**** Information shown ****
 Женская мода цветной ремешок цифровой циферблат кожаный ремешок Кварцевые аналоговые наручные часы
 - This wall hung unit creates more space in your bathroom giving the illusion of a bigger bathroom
****
**** Information shown ****
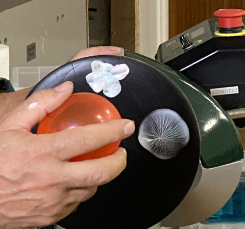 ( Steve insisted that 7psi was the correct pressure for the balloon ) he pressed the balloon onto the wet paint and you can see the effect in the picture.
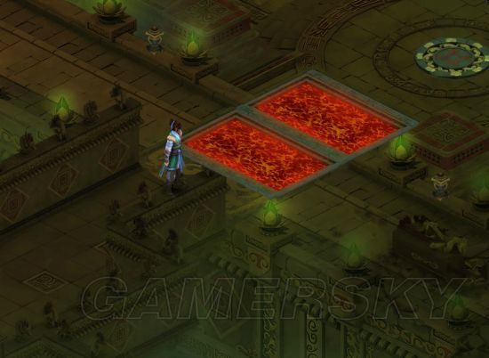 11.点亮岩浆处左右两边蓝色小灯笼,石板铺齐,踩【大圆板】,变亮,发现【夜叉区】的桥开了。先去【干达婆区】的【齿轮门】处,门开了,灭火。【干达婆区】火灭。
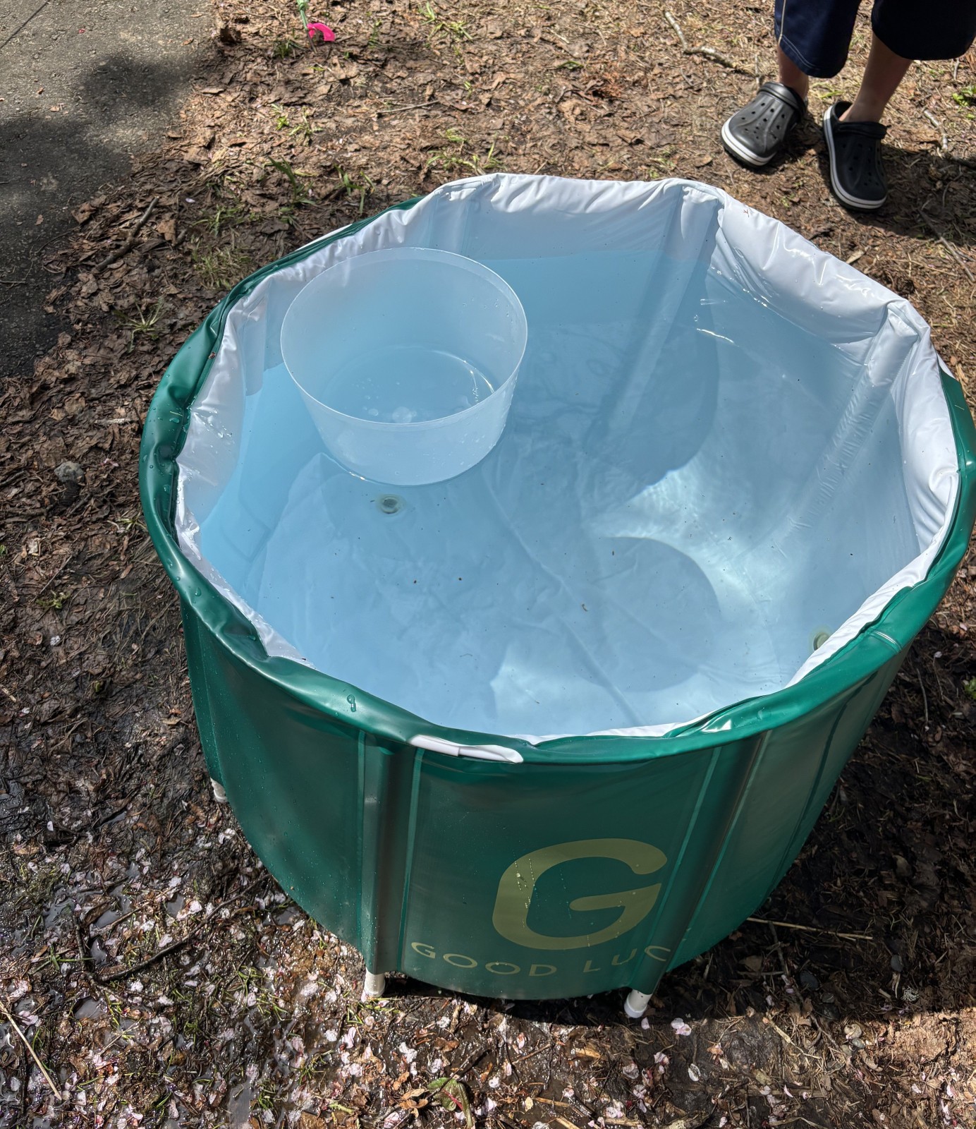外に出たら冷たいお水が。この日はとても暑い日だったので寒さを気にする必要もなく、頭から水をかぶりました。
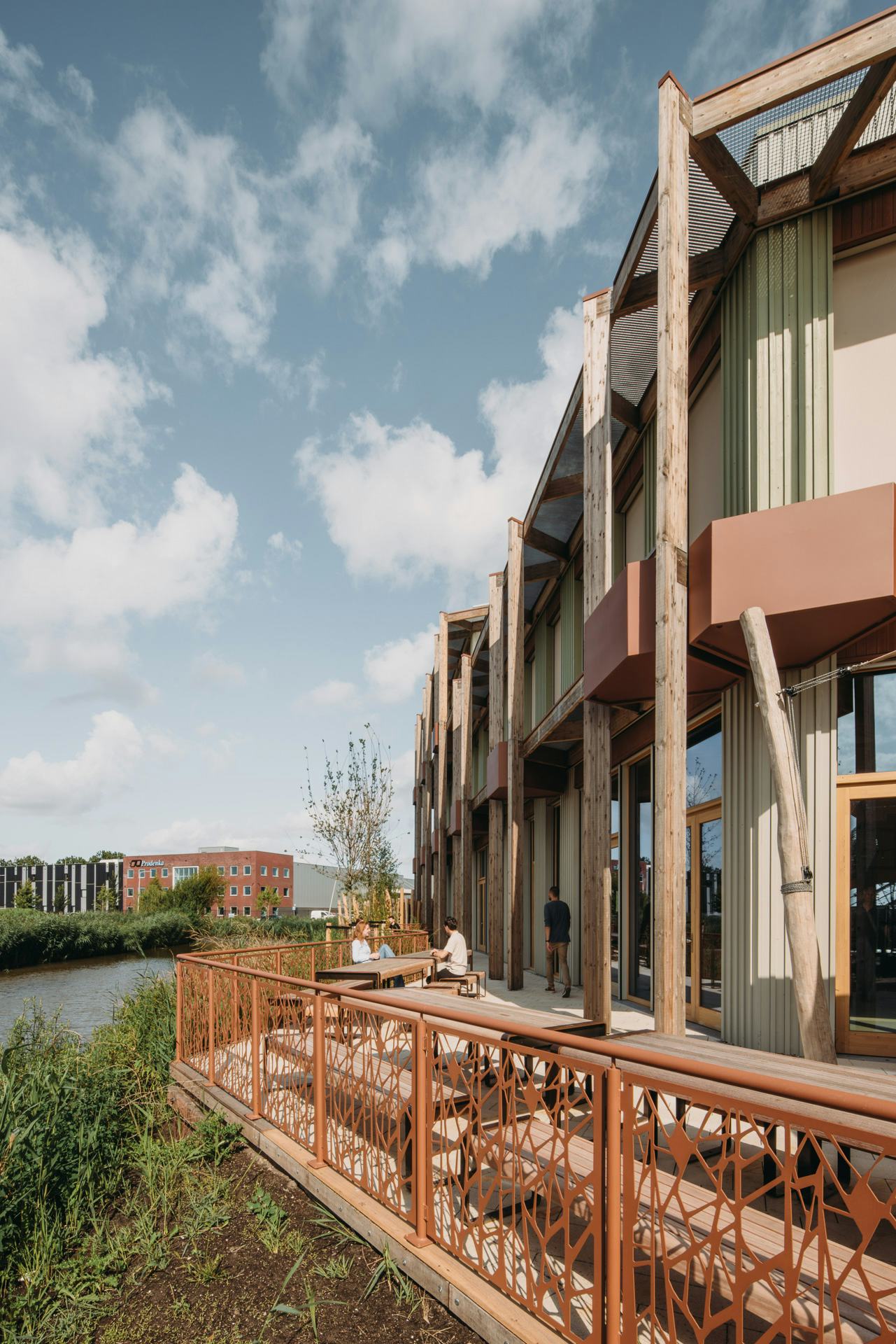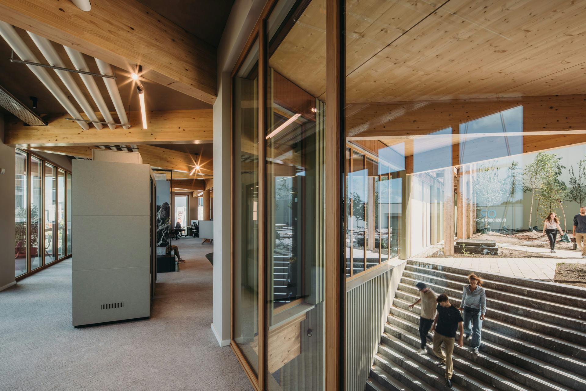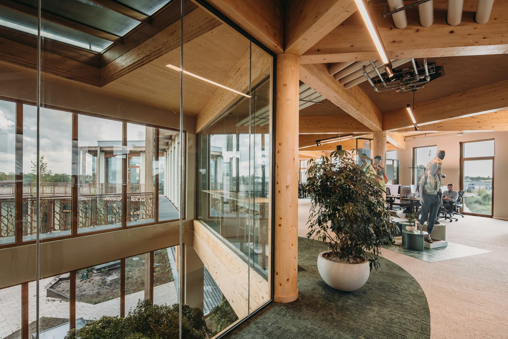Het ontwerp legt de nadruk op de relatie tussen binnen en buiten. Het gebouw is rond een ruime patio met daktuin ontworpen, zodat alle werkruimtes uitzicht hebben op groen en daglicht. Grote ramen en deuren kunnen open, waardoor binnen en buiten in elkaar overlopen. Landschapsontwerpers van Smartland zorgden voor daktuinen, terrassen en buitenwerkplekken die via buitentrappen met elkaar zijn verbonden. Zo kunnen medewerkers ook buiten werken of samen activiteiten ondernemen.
****
• Exercise instructions
What belongs in the answer is each line above from the line with "外に出たら冷たいお水が。この" to the line with "Het ontwerp legt", inclusive, reproduced exactly and free of pictures.

• Finished exercise
外に出たら冷たいお水が。この日はとても暑い日だったので寒さを気にする必要もなく、頭から水をかぶりました。
Het ontwerp legt de nadruk op de relatie tussen binnen en buiten. Het gebouw is rond een ruime patio met daktuin ontworpen, zodat alle werkruimtes uitzicht hebben op groen en daglicht. Grote ramen en deuren kunnen open, waardoor binnen en buiten in elkaar overlopen. Landschapsontwerpers van Smartland zorgden voor daktuinen, terrassen en buitenwerkplekken die via buitentrappen met elkaar zijn verbonden. Zo kunnen medewerkers ook buiten werken of samen activiteiten ondernemen.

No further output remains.